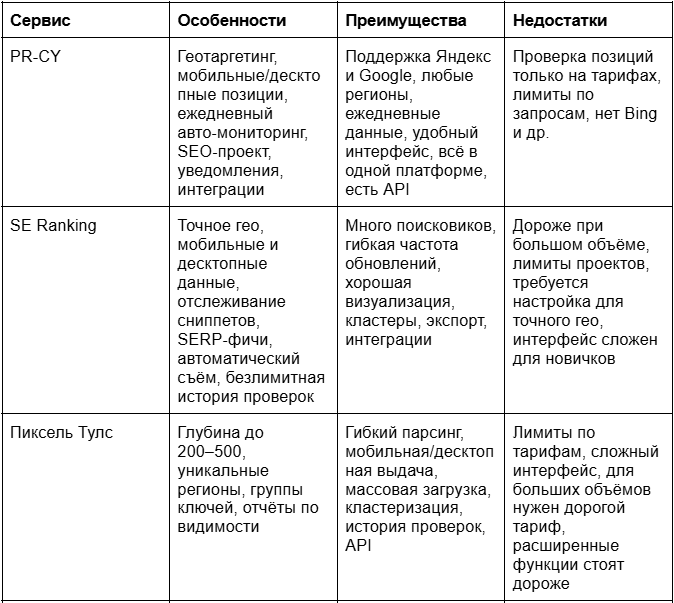 — Мониторинг позиций по ключевым фразам с регулярным обновлением.
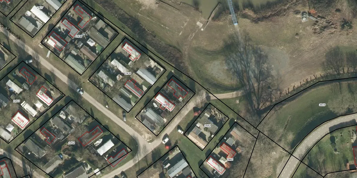 Hoge Maasdijk 61-43 is gelegen op kadastraal perceel WDC00I2440. Deze kadastrale aanduiding is uniek en wordt gebruikt door het Kadaster om eigendomsrechten en andere zakelijke rechten vast te leggen. Het perceel maakt onderdeel uit van de kadastrale gemeente Woudrichem.
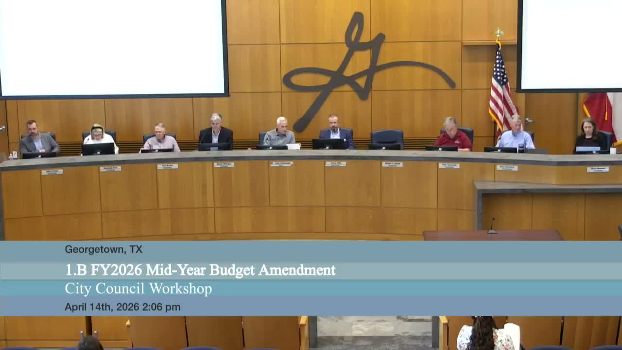 City staff presented the FY26 midyear budget amendment at a Georgetown City Council workshop, highlighting reallocated capital funds, fund closures and several one‑time transfers.

* Assignment *
The copy must start at the line containing "Hoge Maasdijk 61-43" and stop at the last line of the listing, both included, with every line exact and no pictures.

* Answer to this problem *
 Hoge Maasdijk 61-43 is gelegen op kadastraal perceel WDC00I2440. Deze kadastrale aanduiding is uniek en wordt gebruikt door het Kadaster om eigendomsrechten en andere zakelijke rechten vast te leggen. Het perceel maakt onderdeel uit van de kadastrale gemeente Woudrichem.
 City staff presented the FY26 midyear budget amendment at a Georgetown City Council workshop, highlighting reallocated capital funds, fund closures and several one‑time transfers.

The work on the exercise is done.